November 18, 2007 - 30 March 30, 2008. Picturing the Bible: The Earliest Christian Art.  Kimbell Museum of Art, Ft. Worth This exhibition is the first major review of 3rd- to 6th-century Christian art since the 1970s; it brings together frescoes, marble sculpture and sarcophagi, silver vessels and reliquaries, carved ivories, engraved gold glass, bronze sculpture, seals in semiprecious stones, and decorated crosses, and three of the rare surviving illustrated bibles: the Rabbula Gospels, a folio from the fragmentary Greek Sinope Gospels, and several fragments of the Cotton Genesis.   It includes major loans from the Vatican, the Bargello and the Laurentian Library in Florence, the British Museum, the Louvre, the Metropolitan Museum of Art, New York, and other international institutions. For more information see http://www.kimbellart.org/exhibitions/picturing_the_bible.cfm

May 6 - July 27, 2008. Imagining Christ. The J. Paul Getty Museum, Los Angeles. Over a period of almost 2,000 years, the image of Christ has changed, often in response to political forces or social changes.
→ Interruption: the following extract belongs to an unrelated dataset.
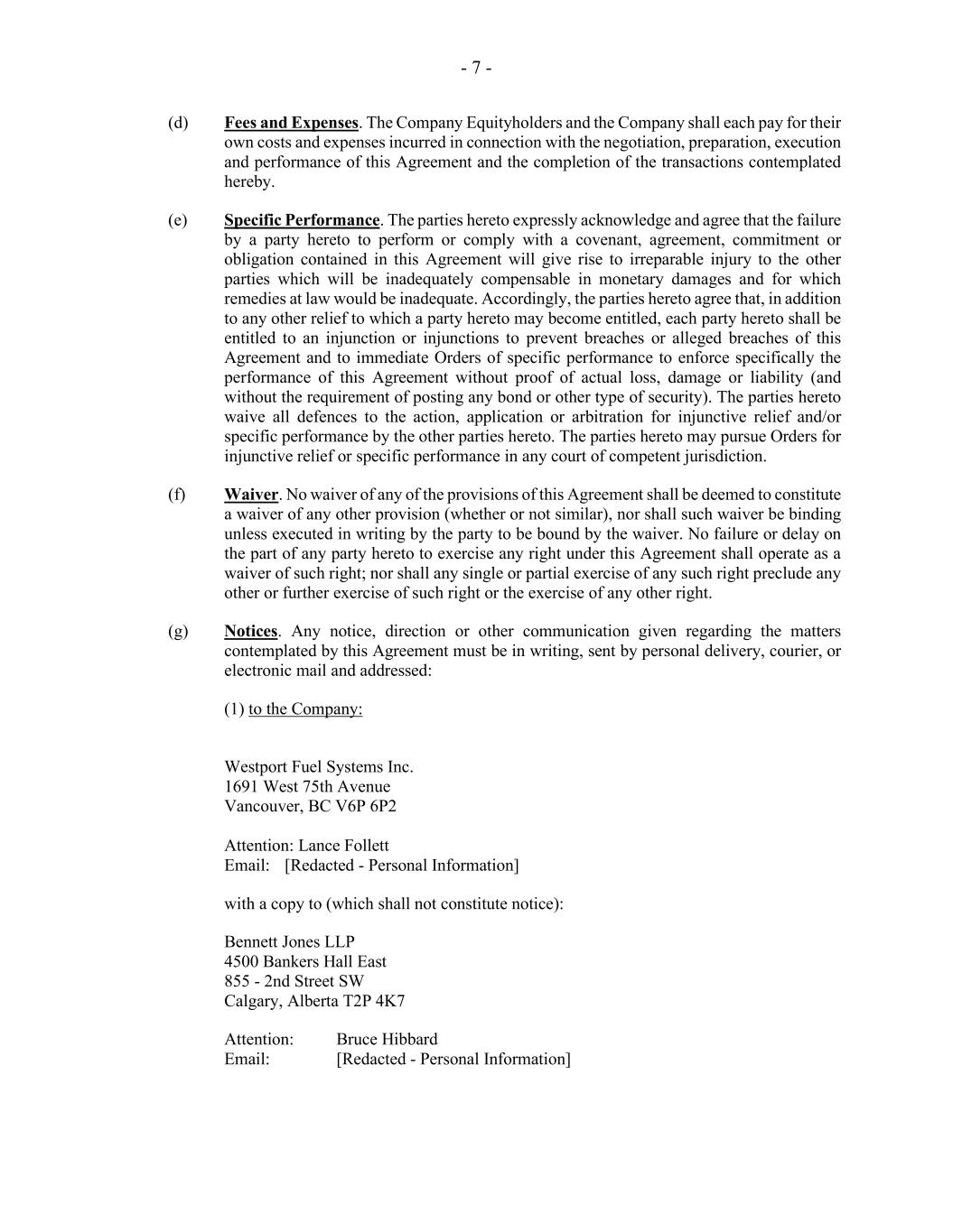- 7 - (d) Fees and Expenses. The Company Equityholders and the Company shall each pay for their own costs and expenses incurred in connection with the negotiation, preparation, execution and performance of this Agreement and the completion of the transactions contemplated hereby. (e) Specific Performance. The parties hereto expressly acknowledge and agree that the failure by a party hereto to perform or comply with a covenant, agreement, commitment or obligation contained in this Agreement will give rise to irreparable injury to the other parties which will be inadequately compensable in monetary damages and for which remedies at law would be inadequate. Accordingly, the parties hereto agree that, in addition to any other relief to which a party hereto may become entitled, each party hereto shall be entitled to an injunction or injunctions to prevent breaches or alleged breaches of this Agreement and to immediate Orders of specific performance to enforce specifically the performance of this Agreement without proof of actual loss, damage or liability (and without the requirement of posting any bond or other type of security). The parties hereto waive all defences to the action, application or arbitration for injunctive relief and/or specific performance by the other parties hereto. The parties hereto may pursue Orders for injunctive relief or specific performance in any court of competent jurisdiction. (f) Waiver. No waiver of any of the provisions of this Agreement shall be deemed to constitute a waiver of any other provision (whether or not similar), nor shall such waiver be binding unless executed in writing by the party to be bound by the waiver. No failure or delay on the part of any party hereto to exercise any right under this Agreement shall operate as a waiver of such right; nor shall any single or partial exercise of any such right preclude any other or further exercise of such right or the exercise of any other right. (g) Notices. Any notice, direction or other communication given regarding the matters contemplated by this Agreement must be in writing, sent by personal delivery, courier, or electronic mail and addressed: (1) to the Company: Westport Fuel Systems Inc. 1691 West 75th Avenue Vancouver, BC V6P 6P2 Attention: Lance Follett Email: [Redacted - Personal Information] with a copy to (which shall not constitute notice): Bennett Jones LLP 4500 Bankers Hall East 855 - 2nd Street SW Calgary, Alberta T2P 4K7 Attention: Bruce Hibbard Email: [Redacted - Personal Information]

This exhibition of manuscripts from the Getty Museum's collection covers the years from around 1000 to 1500, and explores how medieval Christians pictured Christ as both divine judge and human son of God, and even used Christ's image to express such complex religious concepts as the Trinity. The exhibition examines the role Christ played in the imaginative life of medieval and renaissance viewers, demonstrating how in focusing on certain aspects of Christ--most notably his suffering--viewers gained access to their own piety. For more information see http://www.getty.edu/visit/exhibitions/future.html .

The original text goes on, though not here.